▶ **TASK OBJECTIVE**: Nothing but the lines from the one with "Para completar esta" down to the one with "Bacterial infection with" should be returned, exactly and with both ends included, from the material below.

▶ **THE INPUT**:
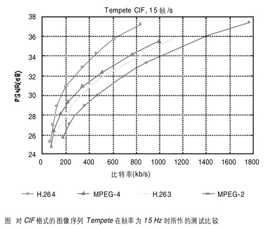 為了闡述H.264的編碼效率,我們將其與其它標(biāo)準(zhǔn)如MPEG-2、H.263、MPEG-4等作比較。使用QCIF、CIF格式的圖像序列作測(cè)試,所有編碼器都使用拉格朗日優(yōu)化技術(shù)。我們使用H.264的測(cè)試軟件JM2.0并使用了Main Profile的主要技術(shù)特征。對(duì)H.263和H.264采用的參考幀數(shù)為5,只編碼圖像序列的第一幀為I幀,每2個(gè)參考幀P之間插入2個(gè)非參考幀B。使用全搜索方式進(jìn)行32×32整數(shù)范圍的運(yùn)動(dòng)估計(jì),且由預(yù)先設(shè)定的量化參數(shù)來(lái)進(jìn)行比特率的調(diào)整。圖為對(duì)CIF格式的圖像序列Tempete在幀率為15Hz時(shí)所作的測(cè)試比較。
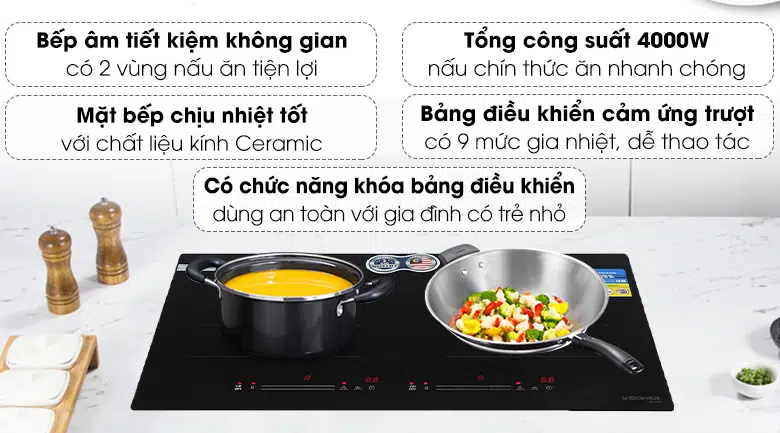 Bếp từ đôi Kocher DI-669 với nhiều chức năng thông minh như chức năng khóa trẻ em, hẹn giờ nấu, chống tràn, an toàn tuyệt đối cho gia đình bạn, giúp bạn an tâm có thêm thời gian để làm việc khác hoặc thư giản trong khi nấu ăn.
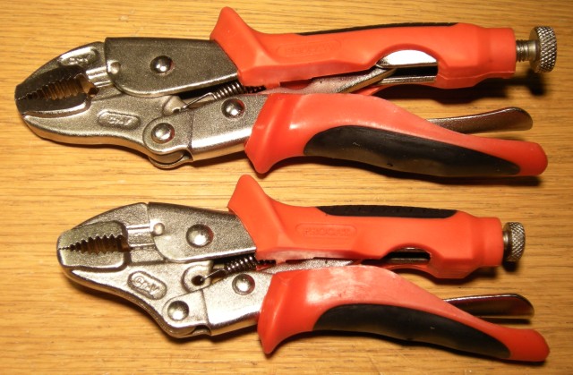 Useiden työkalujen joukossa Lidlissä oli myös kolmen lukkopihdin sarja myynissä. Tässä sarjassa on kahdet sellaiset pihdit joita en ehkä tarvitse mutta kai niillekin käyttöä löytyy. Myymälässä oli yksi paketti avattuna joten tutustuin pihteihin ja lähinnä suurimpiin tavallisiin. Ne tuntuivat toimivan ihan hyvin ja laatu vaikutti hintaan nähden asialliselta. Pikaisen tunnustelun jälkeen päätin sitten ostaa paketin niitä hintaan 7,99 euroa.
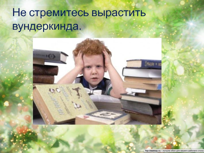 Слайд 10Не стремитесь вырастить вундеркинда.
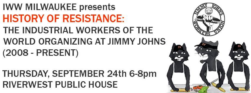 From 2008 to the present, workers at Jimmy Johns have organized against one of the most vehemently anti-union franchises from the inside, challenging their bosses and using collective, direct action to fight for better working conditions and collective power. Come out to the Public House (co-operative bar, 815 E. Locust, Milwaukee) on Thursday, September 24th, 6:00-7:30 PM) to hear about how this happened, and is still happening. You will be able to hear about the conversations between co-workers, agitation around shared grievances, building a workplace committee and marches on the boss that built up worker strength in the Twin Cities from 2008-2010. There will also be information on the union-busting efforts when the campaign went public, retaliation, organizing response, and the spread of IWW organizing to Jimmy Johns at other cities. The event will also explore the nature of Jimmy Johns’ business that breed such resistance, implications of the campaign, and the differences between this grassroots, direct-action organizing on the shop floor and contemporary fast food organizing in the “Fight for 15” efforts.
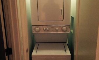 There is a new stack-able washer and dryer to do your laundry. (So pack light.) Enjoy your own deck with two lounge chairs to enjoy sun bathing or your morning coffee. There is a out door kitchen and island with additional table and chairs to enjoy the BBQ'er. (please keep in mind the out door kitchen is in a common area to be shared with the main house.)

--

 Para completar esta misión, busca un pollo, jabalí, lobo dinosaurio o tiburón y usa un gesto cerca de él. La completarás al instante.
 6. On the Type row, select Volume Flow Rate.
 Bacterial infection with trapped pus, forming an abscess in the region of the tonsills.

▶ **COMPLETED EXERCISE**:
 Para completar esta misión, busca un pollo, jabalí, lobo dinosaurio o tiburón y usa un gesto cerca de él. La completarás al instante.
 6. On the Type row, select Volume Flow Rate.
 Bacterial infection with trapped pus, forming an abscess in the region of the tonsills.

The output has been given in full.